Cluster Settings
This page documents all cluster: configuration keys for distributed LynxDB deployments. For an overview of the distributed architecture, see Distributed Architecture.
These settings describe the distributed cluster surface present in the codebase. Single-node and co-located small-cluster deployments are the safest path today. For larger separated-role clusters, validate the exact behavior of failover, replication, and rebalancing in staging against the version you plan to run.
Enabling Cluster Mode
Set cluster.enabled: true and provide node_id, roles, and seeds:
cluster:
enabled: true
node_id: "node-1"
roles: [meta, ingest, query]
seeds:
- "node-1:9400"
- "node-2:9400"
- "node-3:9400"
When enabled is false (default), LynxDB runs as a single-node server with no cluster coordination.
Node Identity and Roles
| Key | Type | Default | Description |
|---|---|---|---|
enabled | bool | false | Enable cluster mode |
node_id | string | "" | Unique identifier for this node. Must be unique across the cluster. |
roles | list | [] | Roles this node performs: meta, ingest, query. In small clusters, use all three. |
seeds | list | [] | Seed node addresses for cluster discovery (host:grpc_port). Include at least the meta nodes. |
grpc_port | int | 9400 | Port for inter-node gRPC communication. |
Role Examples
# Small cluster: all roles on every node
cluster:
enabled: true
node_id: "node-1"
roles: [meta, ingest, query]
seeds: ["node-1:9400", "node-2:9400", "node-3:9400"]

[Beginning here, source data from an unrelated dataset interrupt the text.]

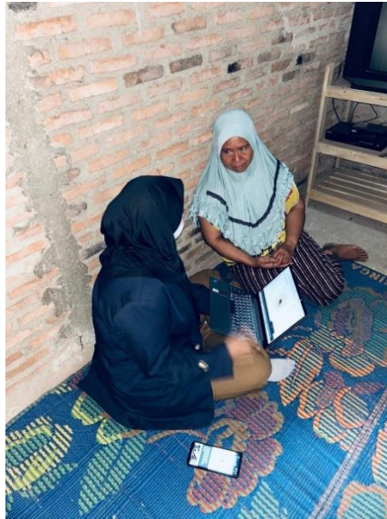
Gambar 2. 3 Penjelasan tentang cara menggunakan website

pemasaran yang baik. Dalam hal ini, penulis membantu Bu Mugiati dengan membuat Website dengan tujuan untuk mencatat dan menampilkan informasi terkait secara online, baik untuk penjualan maupun promosi, serta memberikan pelatihan mengenai pengelolaan konten dan desain dengan menggunakan platform berbasis internet.
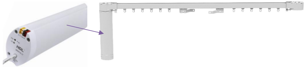
Ovládání motorů závěsů
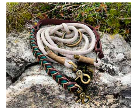
Ces laisses élégantes allient confort et design
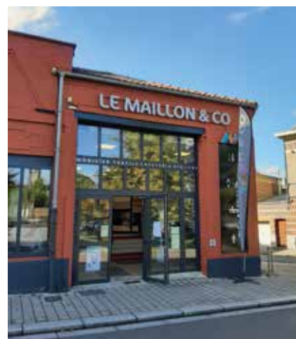
Magasin ouvert les mardi, jeudi et vendredi de 13 h à 19 h et les mercredi et samedi de 10 h à 19 h.

« En 2019, j'ai intégré l'association dans le cadre du programme d'insertion, prenant le poste d'agent polyvalent à la ressourcerie d'Anzin. Grâce au soutien du Maillon C2RI, j'ai obtenu un diplôme d'encadrante technique en 2022. Peu après, j'ai été recrutée en CDI en tant que responsable du centre de tri et, dans quelques semaines, je prendrai la responsabilité du nouveau magasin de Landrecies. »
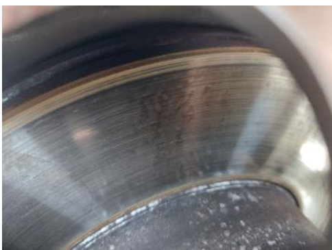
Fot. 29 Tarcza hamulcowa przednia lewa
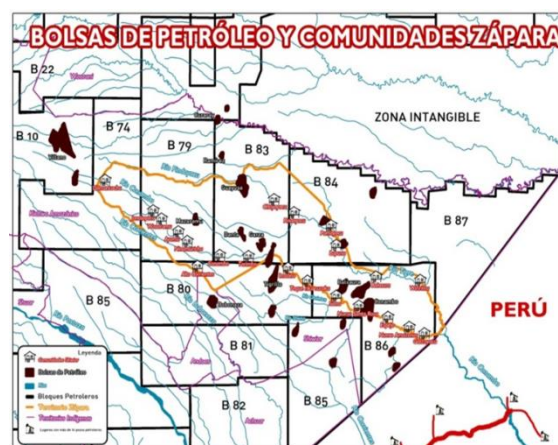
Mapa 2: Territorio sapura con bloques de la XI Ronda petrolera

En gran parte de la provincia de Pastaza, Napo y Morona Santiago la Subsecretaría de Hidrocarburos lideró el proceso de consulta , y la publicitó como un proceso exitoso de participación masiva de la ciudadanía en 17 bloques y en sus resultados 30 convenios firmados y 115 millones de dólares en acuerdos de inversión, contraídos con comunidades, organizaciones de nacionalidades o con juntas parroquiales (Vallejo, 2014).
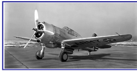
Juin / June / Juni 2011
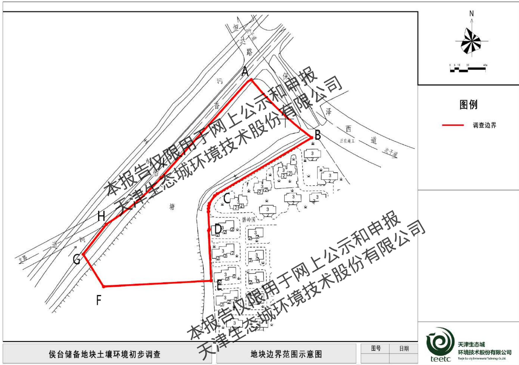
图 1.2-1 地块边界范围示意图
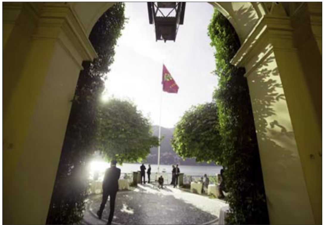
GUERRA CON IRÁN OBLIGA A LA ÉLITE GLOBAL A REPLANTEAR EL SISTEMA ECONÓMICO MUNDIAL. ASISTENTES A ORILLAS DEL LAGO COMO DURANTE EL FORO AMBROSETTI EN CERNOBIO.

sumo podrían mantenerse elevados de forma permanente debido a los costos logísticos y de protección. La élite global ha aceptado que el costo de la paz económica era una dependencia que ya no pueden permitirse. La guerra con Irán, por tanto, actúa como el martillo que está forjando un nuevo modelo de capitalismo, donde la soberanía energética y la seguridad de datos valen más que la optimización de la mano de obra.
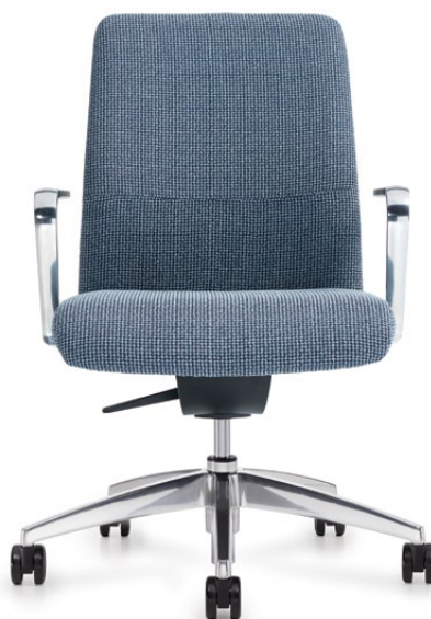
Fauteuil à dossier moyen, accoudoirs à hauteur fixe
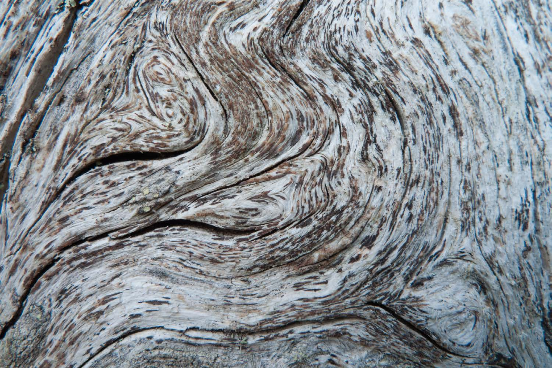
Lichene crostoso lignicolo
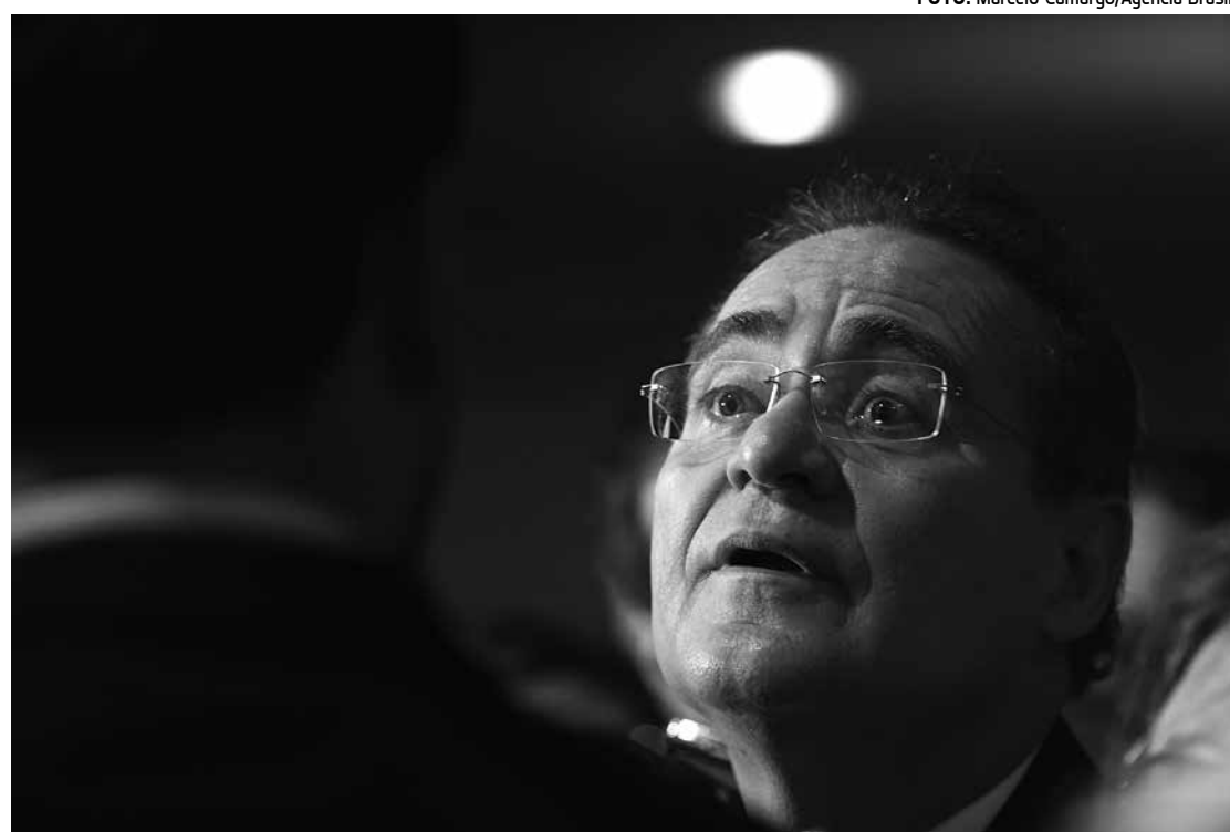
Renan Calheiros afirmou que o PMDB não se transforma em articulação de recursos humanos

A polícia vinha investigando o esquema desde 2013. De acordo com o delegado, os mentores do grupo criavam empresas fantasmas para obter empréstimos no BB.
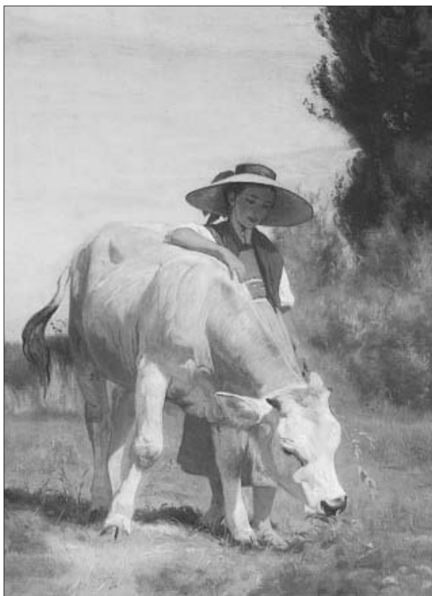
«Mattatscha cun vadè» (1866, ieli sin taila da glin) – in maletg dal temp da las colurs clerass.
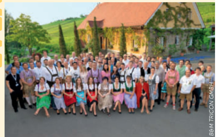
B&M TRICON GMBH
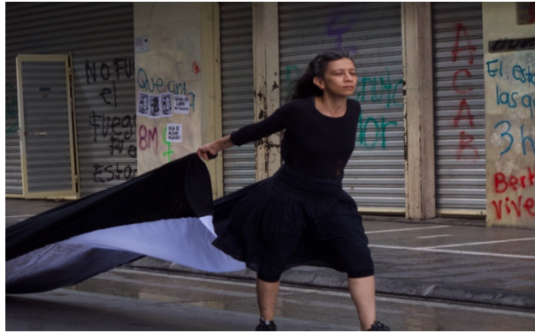
Figs. 3.1. a 3.11. Guatemala Feminicida (2021) Performance.

En la mayoría de las obras seleccionadas para esta investigación, la artista se presenta a sí misma sola, ante la mirada del público, llamando la atención sobre nuestra ética como personas observantes de diversas atrocidades y/o metáforas visuales. En concreto, presenciamos una suerte de rapsodia visual en la que el retrato de la artista va desde el cuerpo yacente de una mujer blanca, pasando por el cuerpo negro y racializado de una mujer-piedra, a la metáfora del cuerpo-tierra de una mujer-naturaleza. Y en esta composición instrumental, nos encontramos con la alusión a la mujer-víctima; a la mujer-violada; a la mujer-superviviente; a la mujer-heroína; y a la mujer-bandera, portadora de la esperanza. Según la periodista Lola Fernández (2017), “la artista se mete en la piel de las mujeres asesinadas en Guatemala”, y esta es precisamente su manera de transmitir empatía, la cual le conduce a crear un cuerpo político como vehículo de lucha feminista y transformación social. Se trata pues de un cuerpo colectivo y político, en la medida en que se identifica socialmente con un sector muy amplio de la población.
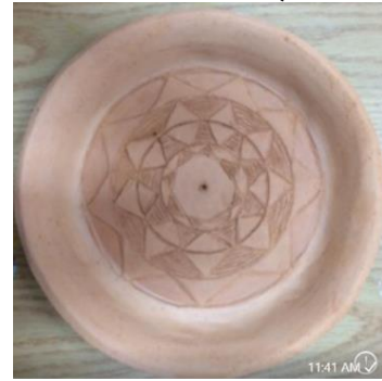
صور رقم (٢٢،٢٣،٢٤)
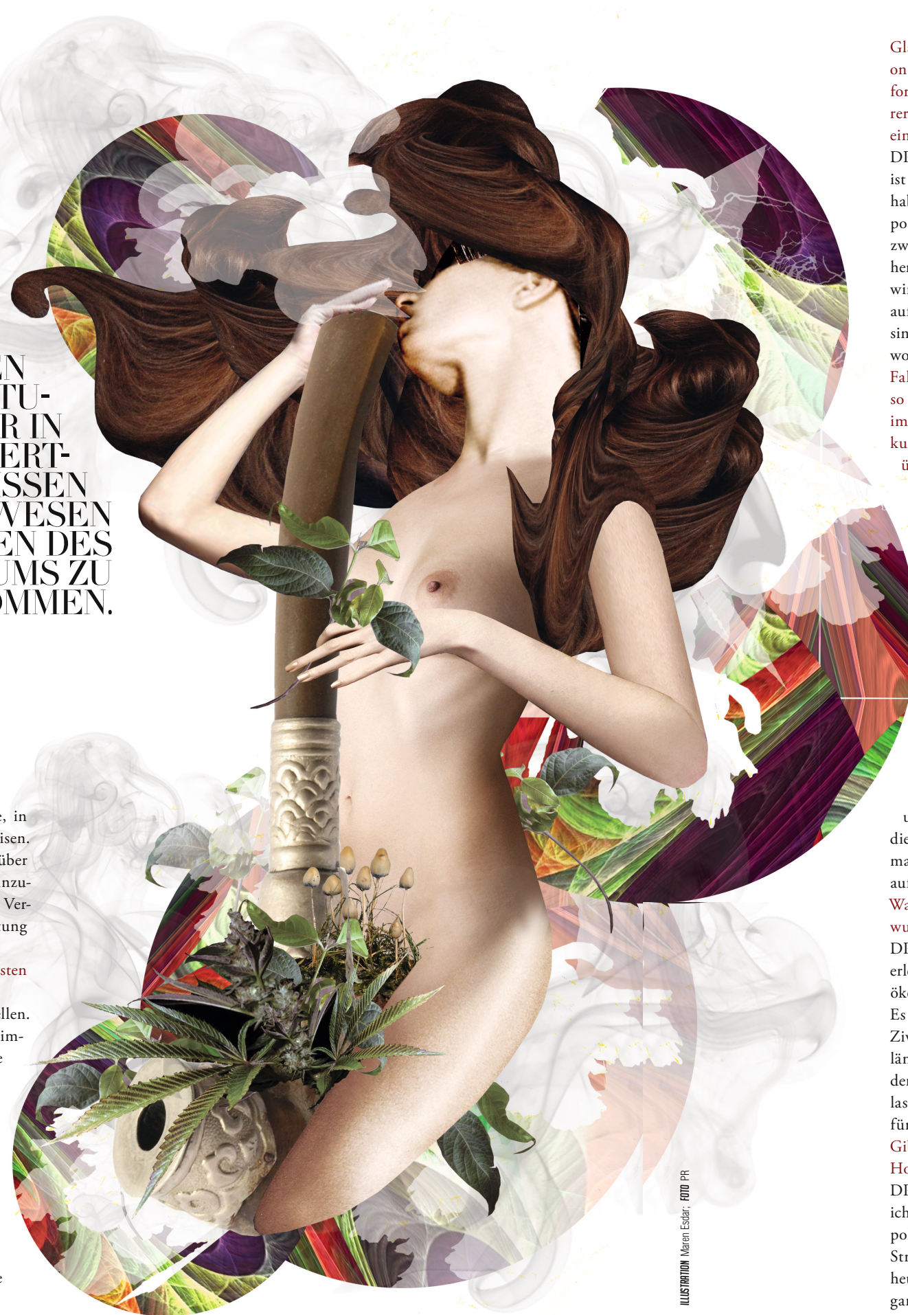
ILLUSTRATION: Maren Esterl; FOTO: PR

konnte den Seelen der Toten begegnen. Ich war in der Lage, in einer Art astralen Flugobjekt zu Schlössern und Palästen zu reisen. Ich konnte multidimensionale Geometrien wahrnehmen. Darüber hinaus wurde mir die große Möglichkeit zuteil, in mich hineinzublicken und Heilung zu initiieren. Ich konnte plötzlich meine Verhaltensmuster durchschauen und bekam gleichzeitig die Anleitung mitgeliefert, sie zum Besseren hin zu ändern.

# Large cluster: dedicated meta node
cluster:
enabled: true
node_id: "meta-1"
roles: [meta]
seeds: ["meta-1:9400", "meta-2:9400", "meta-3:9400"]
# Large cluster: dedicated ingest node
cluster:
enabled: true
node_id: "ingest-1"
roles: [ingest]
seeds: ["meta-1:9400", "meta-2:9400", "meta-3:9400"]
# Large cluster: dedicated query node
cluster:
enabled: true
node_id: "query-1"
roles: [query]
seeds: ["meta-1:9400", "meta-2:9400", "meta-3:9400"]
Sharding
LynxDB uses a two-level sharding scheme: time bucketing followed by hash partitioning.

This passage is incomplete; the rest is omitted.